Questi ciclisti hanno dato tutto ciò che potevano, e anche di più. A me appaiono come vere e proprie bestie, nel senso più lusinghiero del termine, all’ultimo chilometro. Sacrifici, ritiri di squadra e allenamenti lontani da casa, diete e astinenze varie… eppure non sono cosa pagherei per essere lì, con loro, solo per tentare uno scatto, inutile, solo per scendere un attimo nell’arena e incrociare le lame con questi monumenti.
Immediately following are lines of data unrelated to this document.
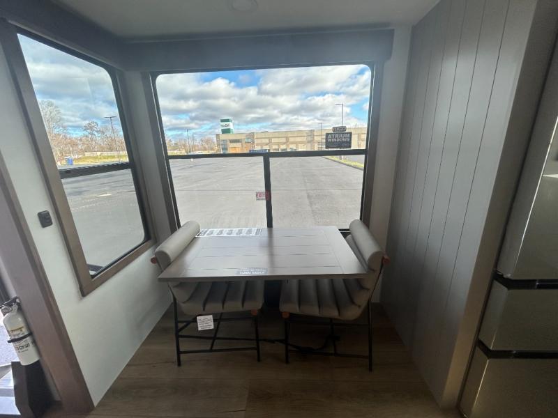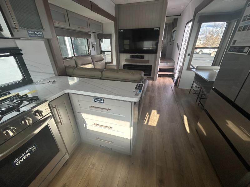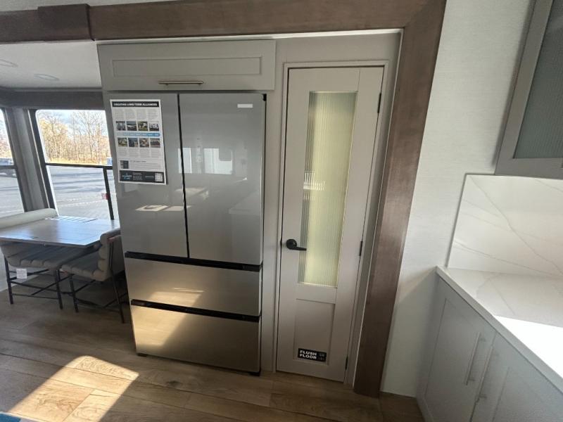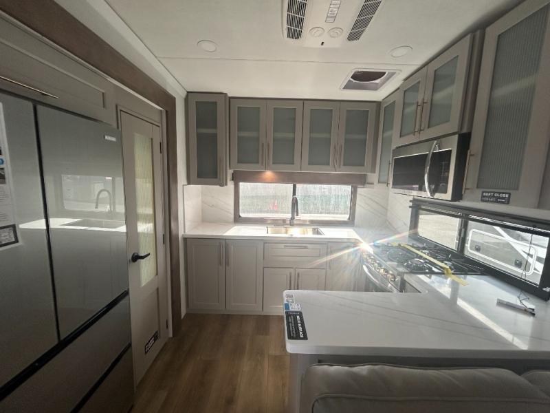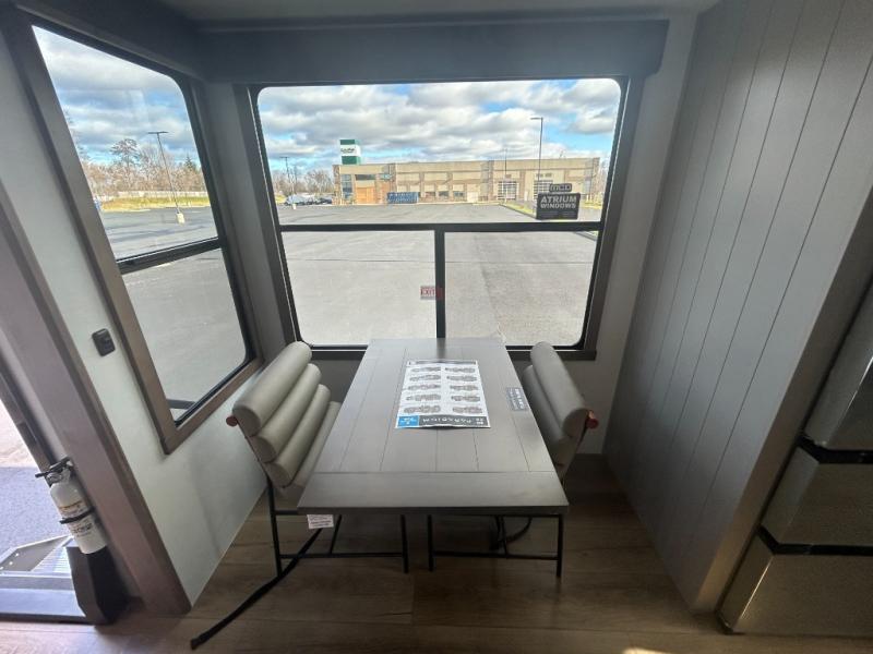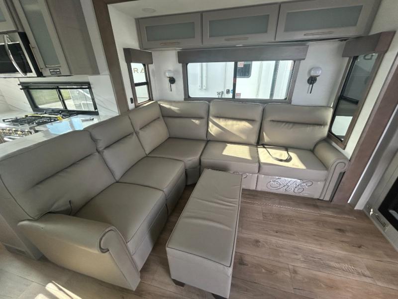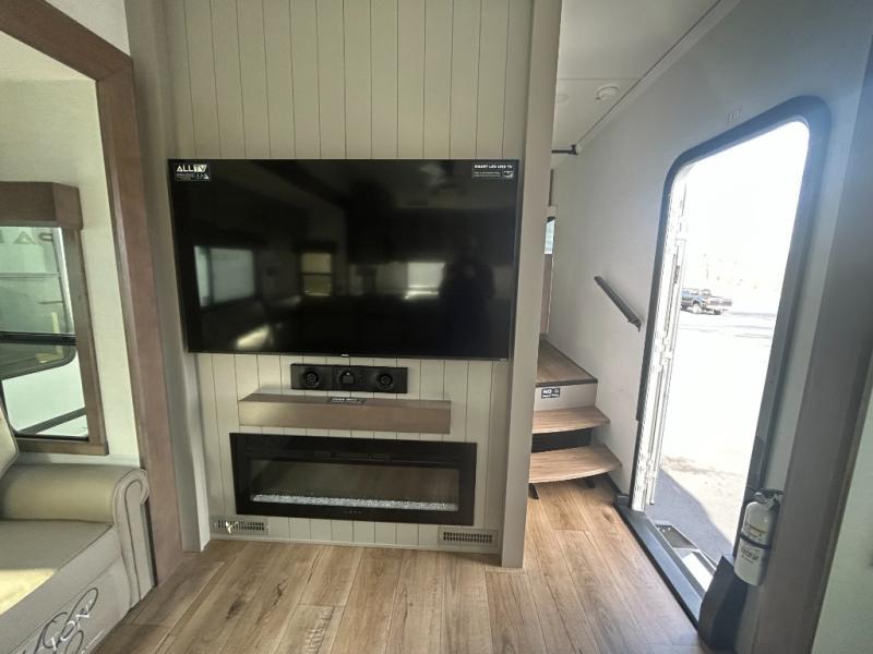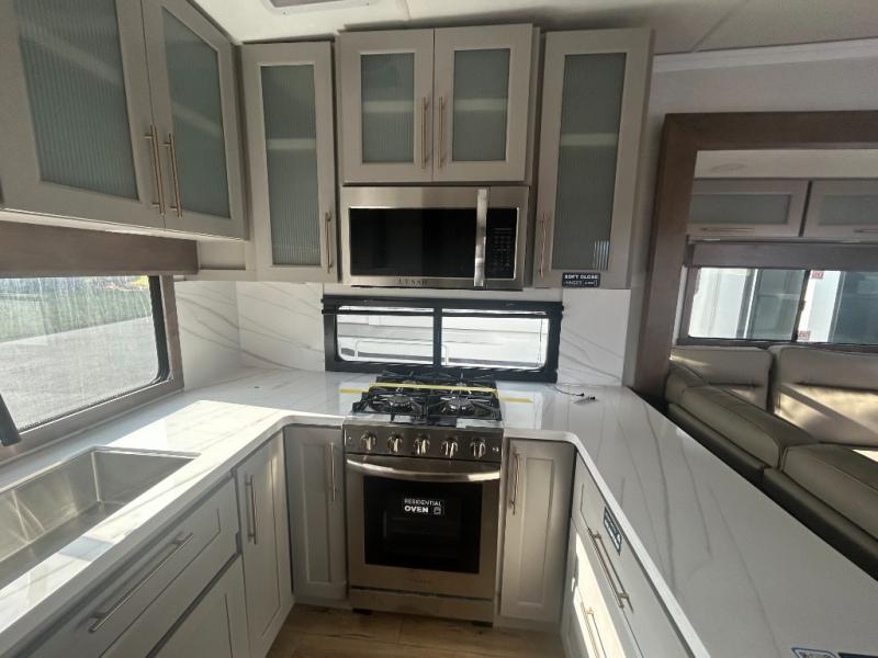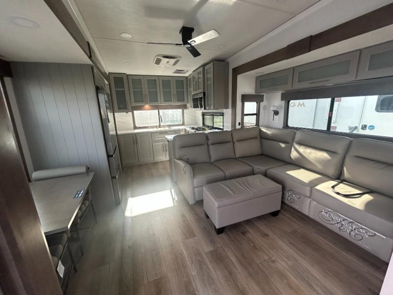 Escape the ordinary and experience the ultimate in luxury travel with this stunning fifth wheel! The rear kitchen is the heart of this fifth wheel, featuring a spacious pantry, 12V refrigerator, microwave, and overhead cabinets. Prepare delicious meals with ease and enjoy the convenience of a fully-equipped kitchen. Unwind in the spacious living area, featuring a plush trifold sofa, L-shape sofa, and a dual recliner love seat. Gather around the turntable dinette or relax in front of the stunning 65” TV. The full bathroom provides a serene space for personal care, while the front bedroom is a peaceful retreat with a comfortable queen bed and a flip-top dresser. Enjoy your favorite shows on the smart TV, perfect for relaxing after a day of adventure.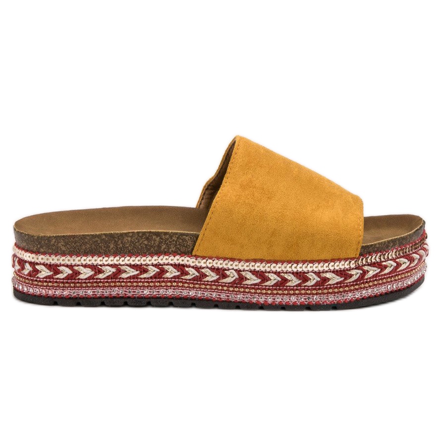 Jumex Jumex Zdobione Klapki Na Platformie żółte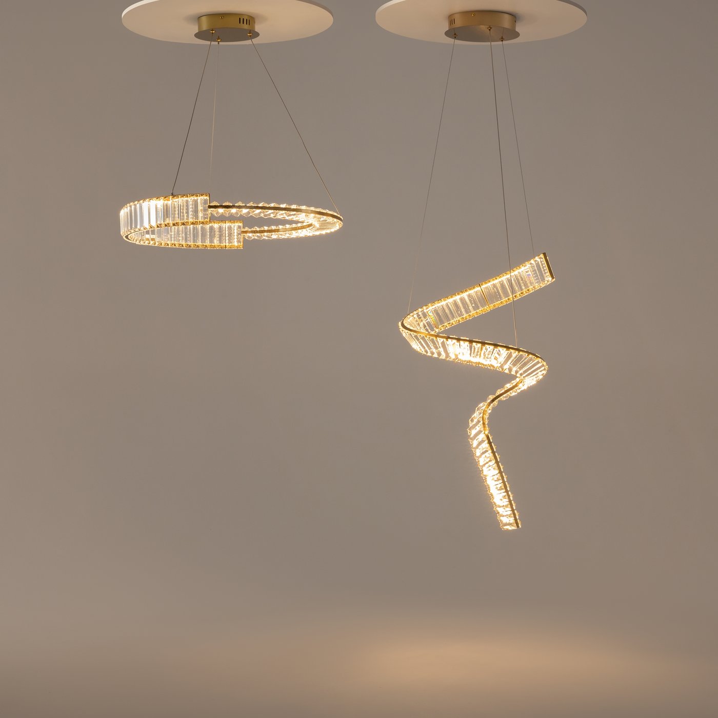 Яркий выразительный облик серии Krone - это новый взгляд на актуальные дизайнерские тренды. Главная особенность – асимметричное расположение хрустального декора. Трендовый прием позволяет получить интересный светотеневой рисунок, добавляет дизайну уникальность. Металлическая арматура латунного цвета обрамляет декоративные элементы подобно ювелирному украшению, создавая праздничный образ. LED-источник света обеспечивает равномерную яркую подсветку, подчеркивая оригинальный силуэт. Высокий индекс цветопередачи 90Ra не искажает восприятие оттенков. В серию входят подвесные модели различного диаметра и с разным количеством ярусов, подвесной светильник в виде спирали, а также вытянутые по горизонтали подвесные светильники разной длины. Эклектичный дизайн актуален как для современных, так и классических интерьеров: праздничного ар-деко, неоклассики, фьюжн, сдержанного контемпорари или mid-century.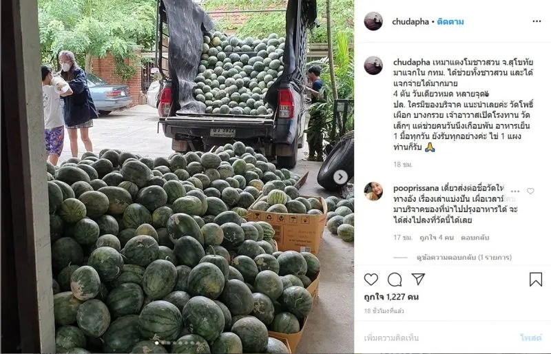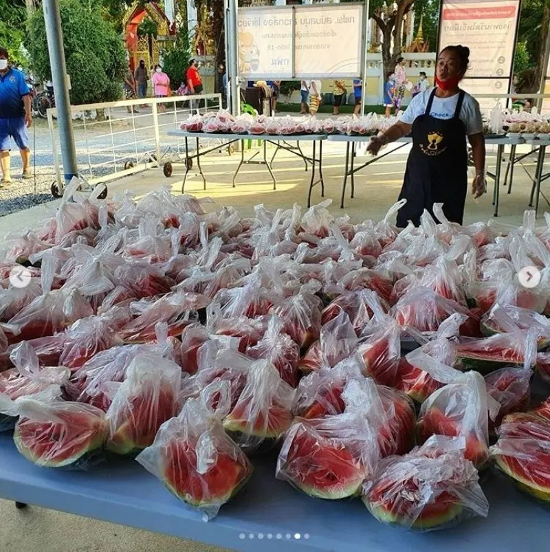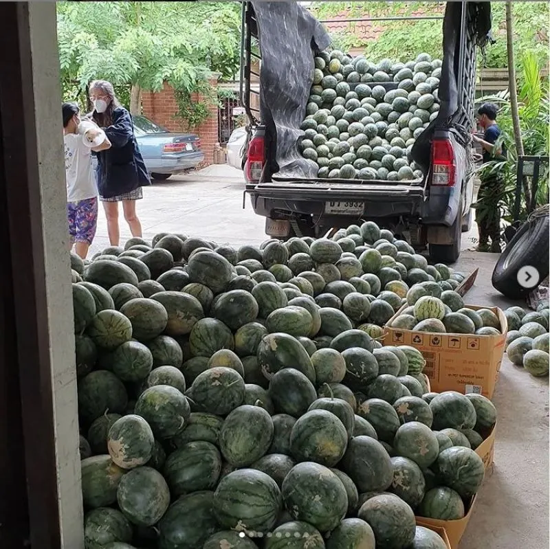 เหมาแตงโมชาวสวน จ.สุโขทัย มาแจกใน กทม. ได้ช่วยทั้งชาวสวน และได้แจกจ่ายได้มากมาย 4 ตัน วันเดียวหมด หลายจุด ปล. ใครมีของบริจาค แนะนำเลยค่ะ วัดโพธิ์เผือก บางกรวย เจ้าอาวาสเปิดโรงทาน วัดเล็กๆ แต่ช่วยคนวันนึงเกือบพัน อาหารเย็น 1 มื้อทุกวัน ยังรับทุกอย่างค่ะ ไข่ 1 แผง ท่านก็รับ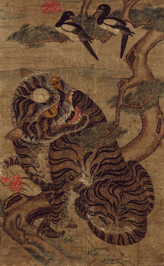 19세기에 그려진 호작도. 구름 사이 떠오른 붉은 태양 아래 거대한 호랑이가 노송 위에 앉은 까치를 노려본다. 화려한 호피 무늬와 노랗게 번쩍이는 눈, 이마에서 빛나는 백호(부처의 두 눈썹 사이에 있는 희고 빛나는 가는 터럭)가 그림 주변의 잡귀를 모두 물리칠 듯하다.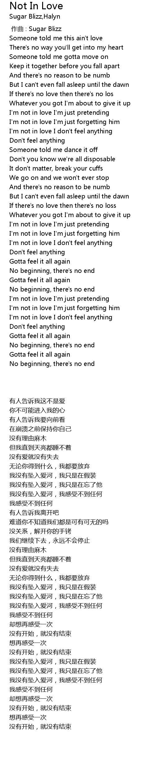 | [00:50.87] | I' m not in love I don' t feel anything |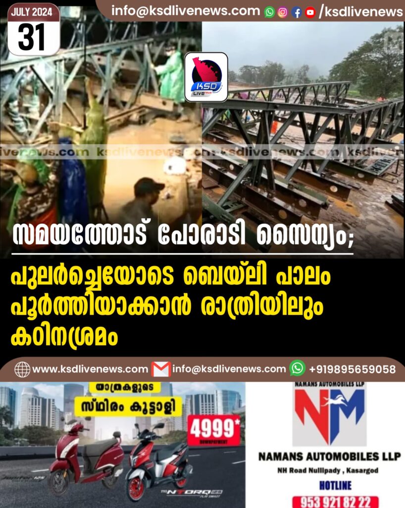 സമയത്തോട് പോരാടി സൈന്യം; പുലർച്ചെയോടെ ബെയ്‌ലി പാലം പൂർത്തിയാക്കാൻ രാത്രിയിലും കഠിനശ്രമം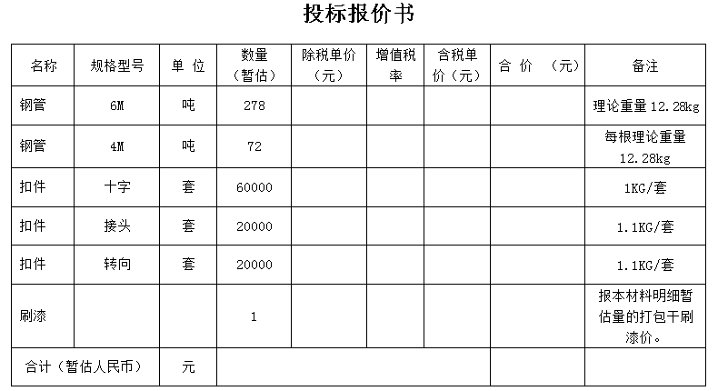 (4)数量:暂估钢管350 吨、扣件100000套。

Mancano poche centinaia di metri quando parte Scarponi: giusto così, non ha nulla da perdere e non gli si poteva chiedere di più. Il resto è storia, è chiaro che ora Goss, pistard e velocista puro, può fare il gatto con gli altri a coprire il ruolo di topolini. Lo si capisce da come si acquatta dietro una ruota e balza in avanti nel momento giusto, né un centesimo di secondo prima, né uno dopo. Scelte di tempo perfette assimilate in anni e anni di sfide all’ultimo centimetro sulle piste di mezzo mondo.
Ecco, è il momento di alzare le braccia al cielo, venticinque anni da compiere e una gioia che ricorderà per la vita.
L’urlo dello speaker copre, almeno per un attimo, il frastuono del pubblico: “Maaaaatthewwwww Gosssssssss!!!”.
È lui, oggi, la bestia più forte.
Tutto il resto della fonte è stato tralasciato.